Among the entries below, only the lines from the one with "Q/LHLH 0002S-2015 柳河县柳河镇老花调料加工厂 烧烤酱" through the one with "And finally, a" are to be retyped, exactly and without pictures.

▶ _TASK INPUTS_
_ _ _ _ _ _ _

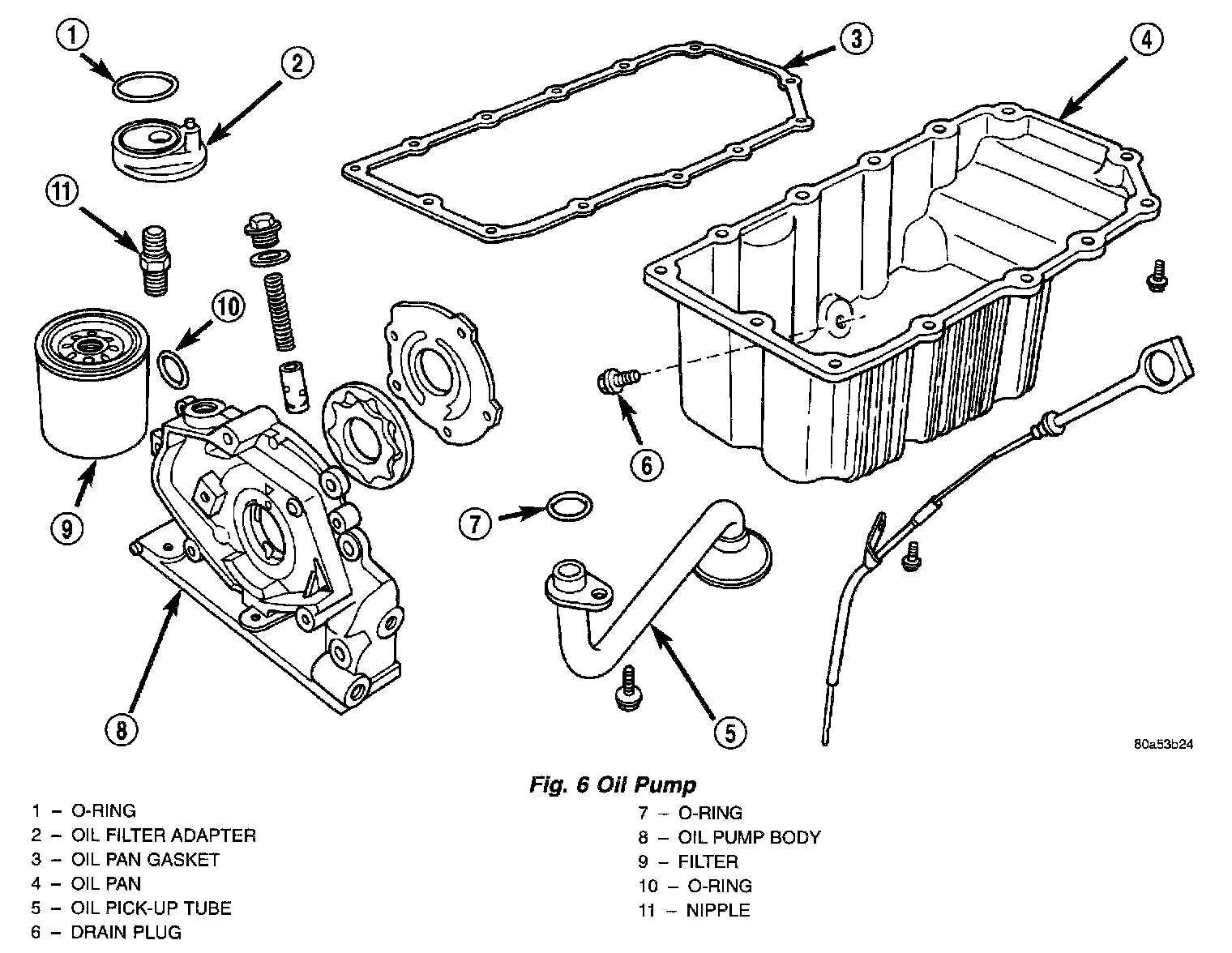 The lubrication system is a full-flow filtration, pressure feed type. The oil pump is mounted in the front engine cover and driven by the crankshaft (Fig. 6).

_ _ _ _ _ _ _

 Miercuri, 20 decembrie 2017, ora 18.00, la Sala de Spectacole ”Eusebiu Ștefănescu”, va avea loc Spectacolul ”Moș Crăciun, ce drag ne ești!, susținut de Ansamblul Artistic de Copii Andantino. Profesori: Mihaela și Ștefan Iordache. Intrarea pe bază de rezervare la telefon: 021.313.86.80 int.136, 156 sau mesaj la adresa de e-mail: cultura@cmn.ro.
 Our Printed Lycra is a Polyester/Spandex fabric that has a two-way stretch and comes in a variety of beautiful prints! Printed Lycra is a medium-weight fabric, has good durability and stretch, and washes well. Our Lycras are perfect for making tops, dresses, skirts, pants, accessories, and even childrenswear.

_ _ _ _ _ _ _

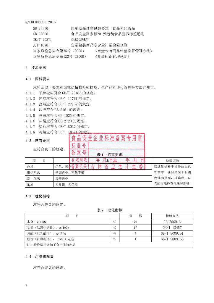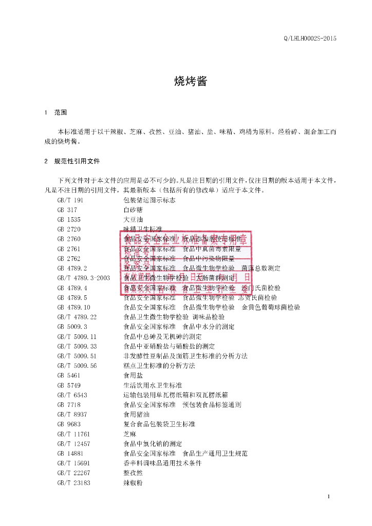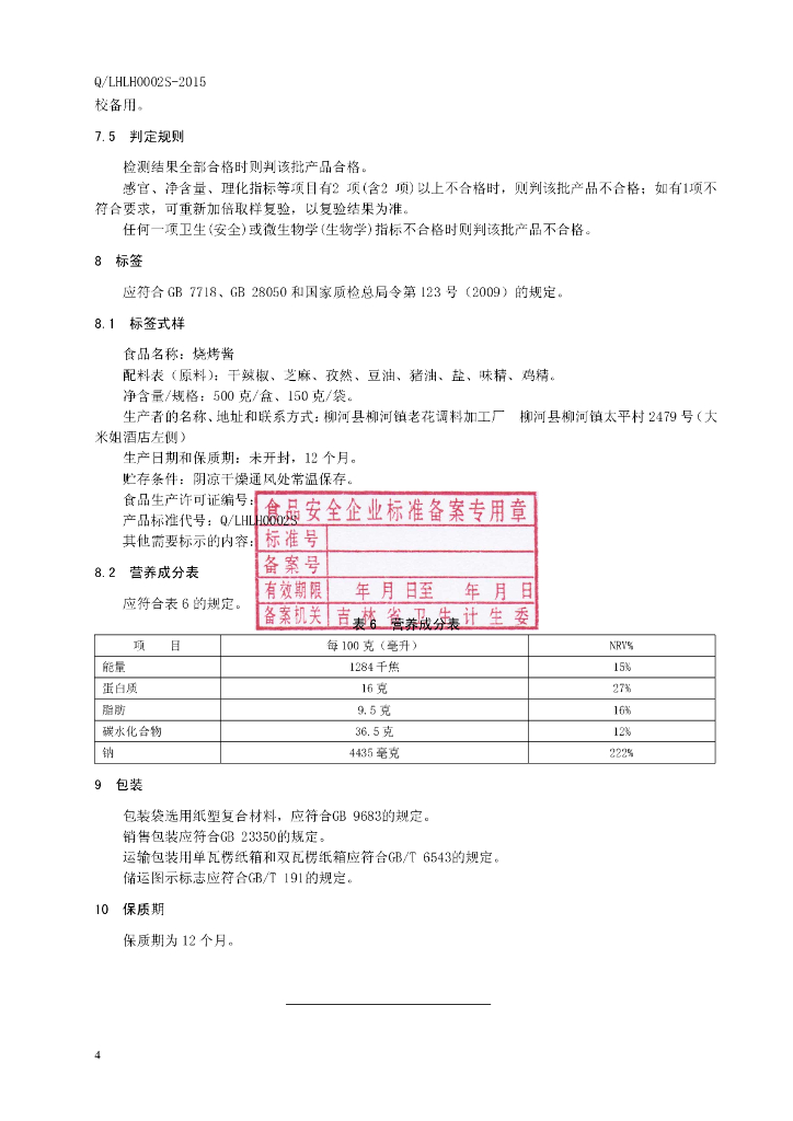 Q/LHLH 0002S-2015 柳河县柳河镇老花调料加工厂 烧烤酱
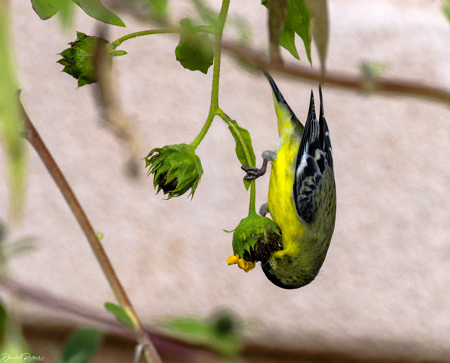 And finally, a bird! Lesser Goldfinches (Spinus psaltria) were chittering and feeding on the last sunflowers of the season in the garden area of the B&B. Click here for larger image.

_ _ _ _ _ _ _

▶ _ANSWER TO THIS TASK_
 Q/LHLH 0002S-2015 柳河县柳河镇老花调料加工厂 烧烤酱
 And finally, a bird! Lesser Goldfinches (Spinus psaltria) were chittering and feeding on the last sunflowers of the season in the garden area of the B&B. Click here for larger image.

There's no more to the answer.